File Migration Example
This example demonstrates how to migrate files between different storage backends using file-keeper.
Overview
This script shows:
- How to migrate files from one storage backend to another
- Validation of migrated files
- Error handling during migration
- Selective migration based on filters
- Examples for cloud storage migrations
Prerequisites
- Python 3.10+
- file-keeper library
Installation
pip install file-keeper
Usage
Run the basic migration example:
python migration_example.py
This will:
- Create sample files in memory storage
- Migrate them to temporary filesystem storage
- Validate the migration
- Show results
Key Features Demonstrated
1. Basic Migration
from file_migration import migrate_files
successful, failed = migrate_files(source_storage, dest_storage)
2. Filtered Migration
# Only migrate .txt files
def txt_filter(location: str) -> bool:
return location.endswith('.txt')
successful, failed = migrate_files(
source_storage,
dest_storage,
file_filter=txt_filter
)
3. Validated Migration
# Enable validation to ensure file integrity
successful, failed = migrate_files(
source_storage,
dest_storage,
validate_after_migration=True
)
Real-World Usage
Migrating from S3 to Google Cloud Storage:
import file_keeper as fk
# Source: S3
s3_source = fk.make_storage("s3_source", {
"type": "file_keeper:s3",
"bucket": "my-source-bucket",
"key": os.getenv('AWS_ACCESS_KEY_ID'),
"secret": os.getenv('AWS_SECRET_ACCESS_KEY'),
"region": "us-east-1"
})
# Destination: Google Cloud Storage
gcs_dest = fk.make_storage("gcs_dest", {
"type": "file_keeper:gcs",
"bucket_name": "my-dest-bucket",
"credentials_file": "/path/to/gcs-credentials.json"
})
# Perform migration
successful, failed = migrate_files(s3_source, gcs_dest)
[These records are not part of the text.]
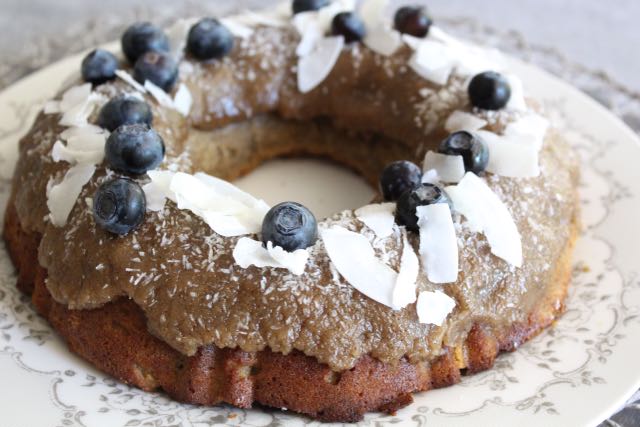 A deliciously decadent, moist & surprisingly nutritious vanilla coconut cake with a super creamy caramel frosting.
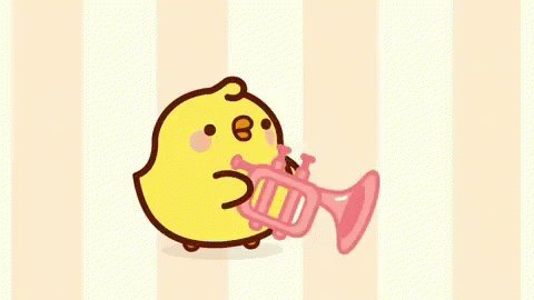 Piu Piu, the adorable chick from Molang, plays a cheerful tune on a pink trumpet.
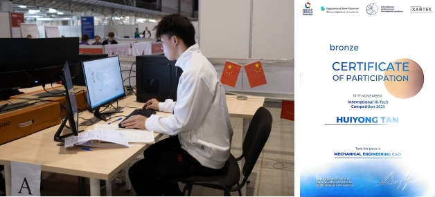 11月12-19日,我校参赛选手谭惠勇同学(技术指导教师杨宝鹏、翻译指导教师张彦东)前往俄罗斯叶卡捷琳堡国际展览中心,参加俄罗斯技能发展署、金砖国家工商理事会(俄罗斯)技能发展工作组、金砖国家工商理事会(中方)技能发展工作组举办的2023(俄罗斯)金砖+欧亚高科技公开赛“机械设计 CAD 赛项”,该赛项有来自8个国家和地区,共34支参赛队伍参赛,其中俄罗斯选手均来自该国各企业的骨干工程师。我校参赛选手谭惠勇同学经过连续3天的高强度比赛,在技术指导教师、翻译指导教师的共同努力下,克服语言困难、顽强拼搏、临机应变,在装配建模与详细工程图、机械设计挑战、逆向工程设计3个竞赛模块中表现优异,取得了第三名的好成绩,并荣获该国际赛项铜牌。

Migrating with size limits:
def size_filter(location: str) -> bool:
# Skip files larger than 100MB
file_info = source_storage.analyze(location)
return file_info.size <= (100 * 1024 * 1024)
successful, failed = migrate_files(
source_storage,
dest_storage,
file_filter=size_filter
)
Error Handling
The migration function handles various error conditions:
- Network interruptions
- Permission issues
- Storage capacity limits
- Invalid file formats
Failed migrations are logged and returned separately for further processing.
Security Considerations
- Files are validated after migration to ensure integrity
- Content is compared between source and destination
- Filters can be used to prevent migration of unsafe file types
- All operations respect storage capabilities
Performance Tips
- For large migrations, consider batching operations
- Use appropriate storage backends for temporary files
- Monitor storage quotas during migration
- Consider using multipart uploads for large files